The records:
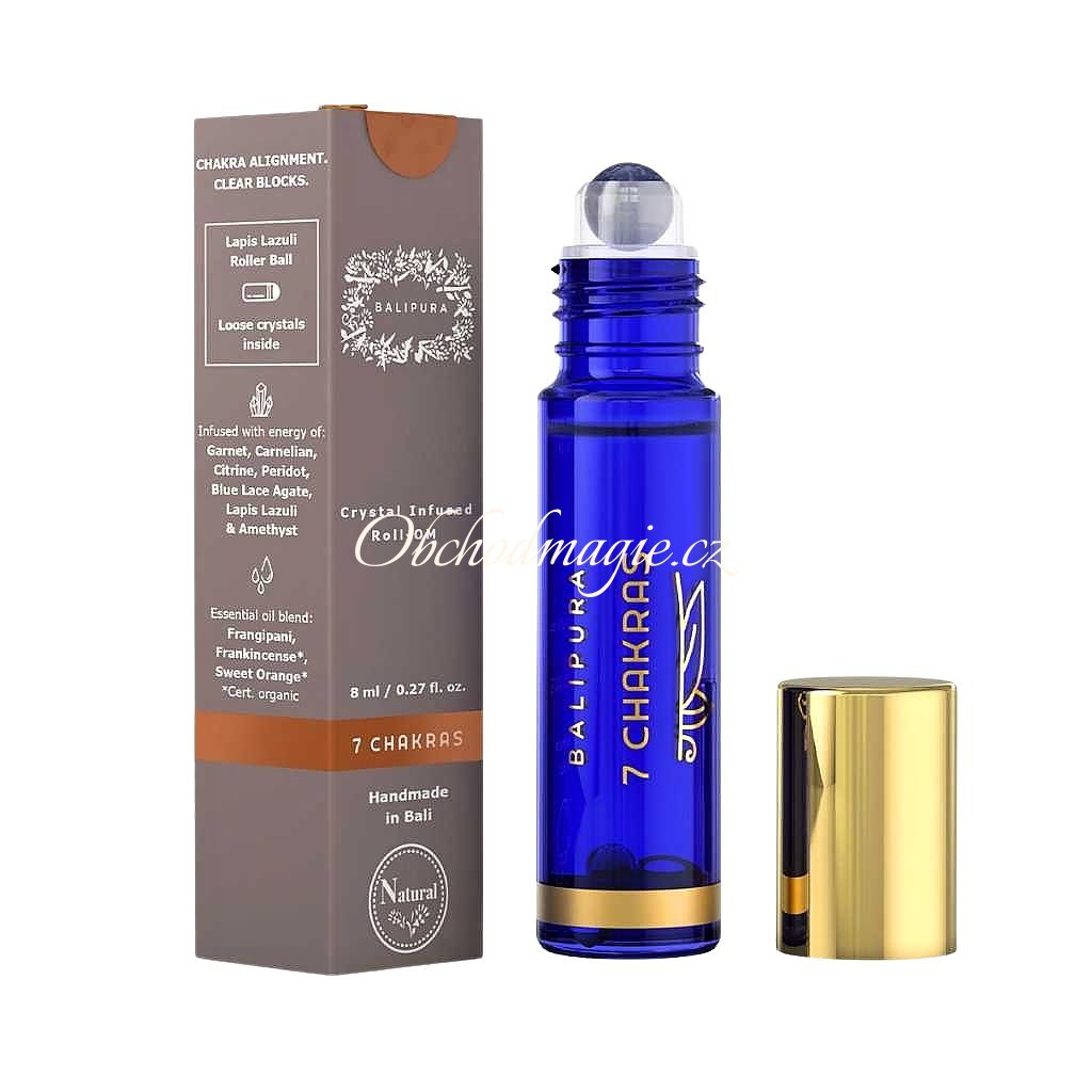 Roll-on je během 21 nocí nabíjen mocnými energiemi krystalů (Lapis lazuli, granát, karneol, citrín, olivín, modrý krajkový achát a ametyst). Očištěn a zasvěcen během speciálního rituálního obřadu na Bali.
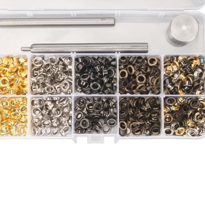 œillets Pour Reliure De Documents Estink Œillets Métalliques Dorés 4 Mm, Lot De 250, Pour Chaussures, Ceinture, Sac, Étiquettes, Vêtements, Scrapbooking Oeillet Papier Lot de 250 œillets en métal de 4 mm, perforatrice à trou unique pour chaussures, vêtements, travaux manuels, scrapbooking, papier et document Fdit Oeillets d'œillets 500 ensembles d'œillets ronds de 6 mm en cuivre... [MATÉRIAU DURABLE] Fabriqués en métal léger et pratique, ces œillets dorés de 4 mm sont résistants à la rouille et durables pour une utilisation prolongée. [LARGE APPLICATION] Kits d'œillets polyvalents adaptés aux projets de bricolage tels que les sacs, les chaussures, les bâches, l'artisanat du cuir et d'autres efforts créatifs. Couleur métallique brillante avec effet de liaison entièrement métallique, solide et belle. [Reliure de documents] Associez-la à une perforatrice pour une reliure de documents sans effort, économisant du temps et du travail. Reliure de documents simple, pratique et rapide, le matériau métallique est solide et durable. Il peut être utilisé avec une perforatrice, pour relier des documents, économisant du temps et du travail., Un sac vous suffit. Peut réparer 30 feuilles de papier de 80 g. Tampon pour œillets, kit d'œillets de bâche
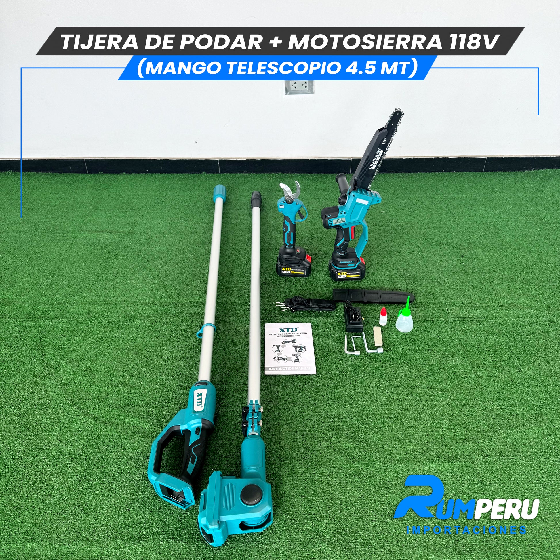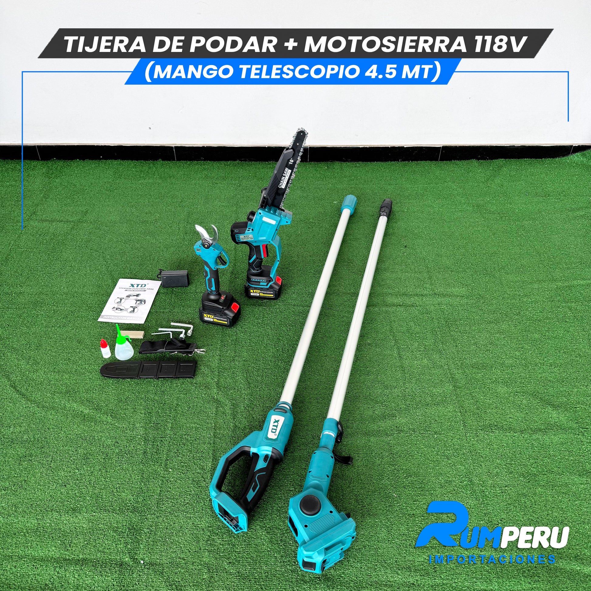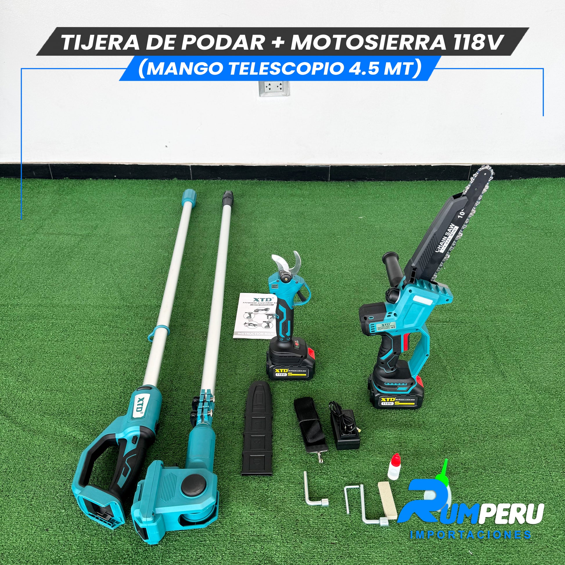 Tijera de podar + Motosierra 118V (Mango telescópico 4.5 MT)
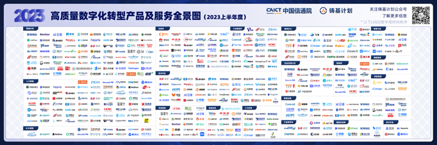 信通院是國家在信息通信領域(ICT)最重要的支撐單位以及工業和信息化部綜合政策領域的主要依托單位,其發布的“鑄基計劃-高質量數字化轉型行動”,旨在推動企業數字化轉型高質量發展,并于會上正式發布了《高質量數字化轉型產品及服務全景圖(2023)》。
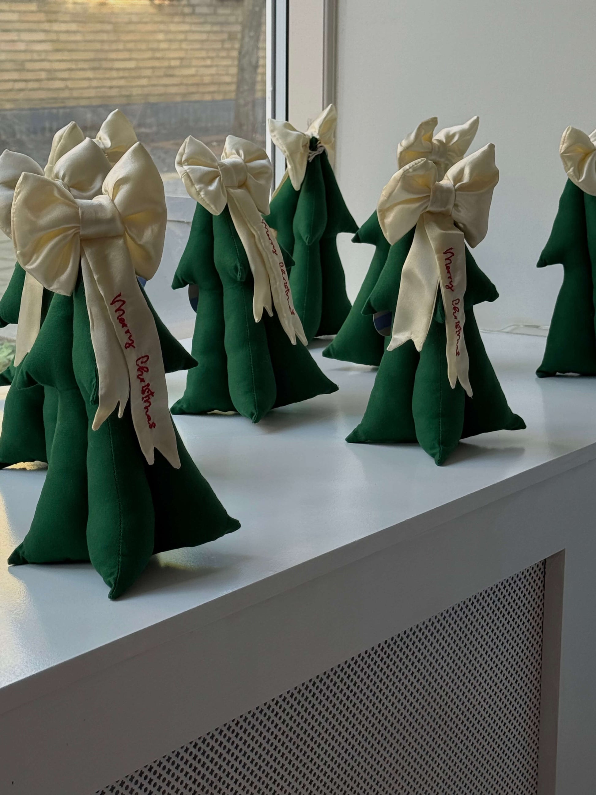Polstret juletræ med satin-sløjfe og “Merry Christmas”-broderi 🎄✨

* * *

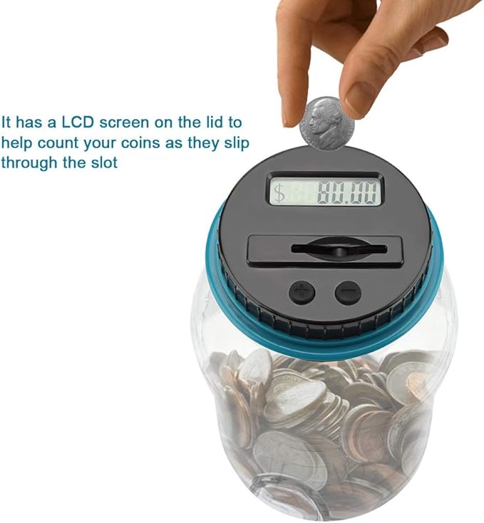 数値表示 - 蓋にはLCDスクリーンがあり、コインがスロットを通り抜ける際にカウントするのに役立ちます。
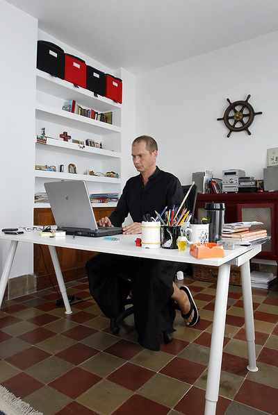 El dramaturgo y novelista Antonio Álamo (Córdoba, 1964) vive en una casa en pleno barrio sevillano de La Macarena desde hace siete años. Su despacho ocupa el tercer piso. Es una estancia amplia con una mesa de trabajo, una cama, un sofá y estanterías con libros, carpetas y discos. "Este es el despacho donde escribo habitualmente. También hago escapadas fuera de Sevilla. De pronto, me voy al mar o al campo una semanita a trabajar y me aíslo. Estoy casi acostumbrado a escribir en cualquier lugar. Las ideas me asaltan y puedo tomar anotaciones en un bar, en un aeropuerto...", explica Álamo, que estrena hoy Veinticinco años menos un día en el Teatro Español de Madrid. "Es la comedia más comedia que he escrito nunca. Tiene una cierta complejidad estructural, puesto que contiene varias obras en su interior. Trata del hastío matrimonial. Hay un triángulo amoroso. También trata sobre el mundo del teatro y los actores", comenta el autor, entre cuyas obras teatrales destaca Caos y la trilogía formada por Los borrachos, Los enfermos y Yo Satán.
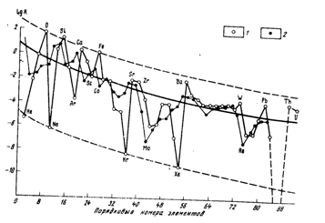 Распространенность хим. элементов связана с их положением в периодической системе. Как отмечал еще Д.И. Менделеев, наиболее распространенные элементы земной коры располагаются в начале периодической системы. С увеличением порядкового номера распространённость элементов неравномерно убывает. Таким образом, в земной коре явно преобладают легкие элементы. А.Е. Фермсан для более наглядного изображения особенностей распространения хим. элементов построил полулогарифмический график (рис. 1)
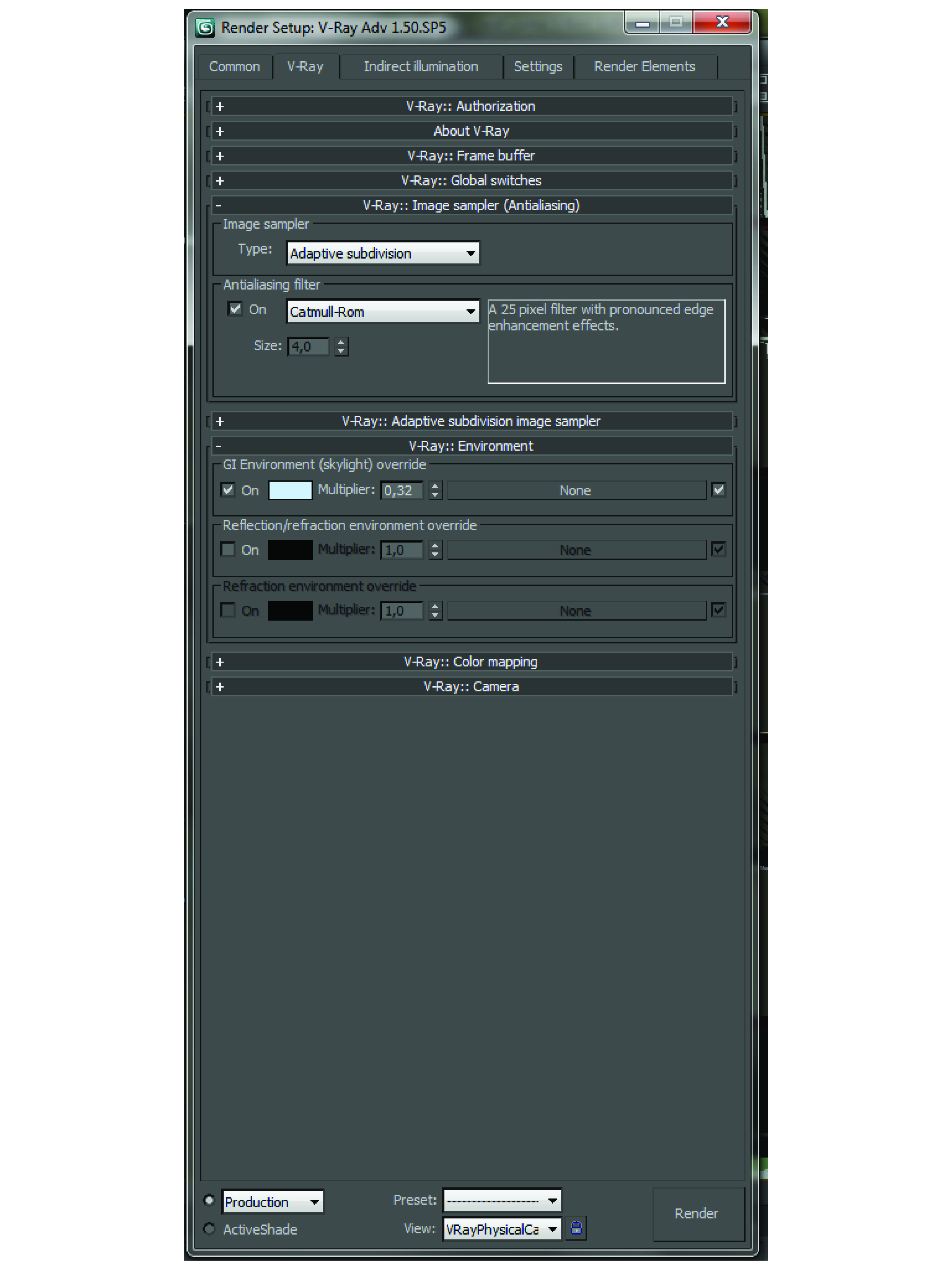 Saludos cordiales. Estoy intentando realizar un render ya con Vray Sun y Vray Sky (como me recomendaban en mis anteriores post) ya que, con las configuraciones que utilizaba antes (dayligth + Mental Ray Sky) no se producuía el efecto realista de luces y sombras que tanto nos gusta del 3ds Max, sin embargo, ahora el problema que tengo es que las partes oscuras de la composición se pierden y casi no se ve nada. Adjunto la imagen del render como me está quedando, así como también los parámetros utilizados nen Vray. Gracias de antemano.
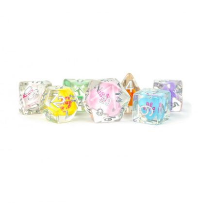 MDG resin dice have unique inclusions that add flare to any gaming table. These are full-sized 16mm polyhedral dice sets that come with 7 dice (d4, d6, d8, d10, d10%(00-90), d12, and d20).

Exercise objective:
Above are records; write out the lines from the one with "Saludos cordiales. Estoy" down to the one with "MDG resin dice", exactly, leaving the pictures out.

Answer to the problem:
 Saludos cordiales. Estoy intentando realizar un render ya con Vray Sun y Vray Sky (como me recomendaban en mis anteriores post) ya que, con las configuraciones que utilizaba antes (dayligth + Mental Ray Sky) no se producuía el efecto realista de luces y sombras que tanto nos gusta del 3ds Max, sin embargo, ahora el problema que tengo es que las partes oscuras de la composición se pierden y casi no se ve nada. Adjunto la imagen del render como me está quedando, así como también los parámetros utilizados nen Vray. Gracias de antemano.
 MDG resin dice have unique inclusions that add flare to any gaming table. These are full-sized 16mm polyhedral dice sets that come with 7 dice (d4, d6, d8, d10, d10%(00-90), d12, and d20).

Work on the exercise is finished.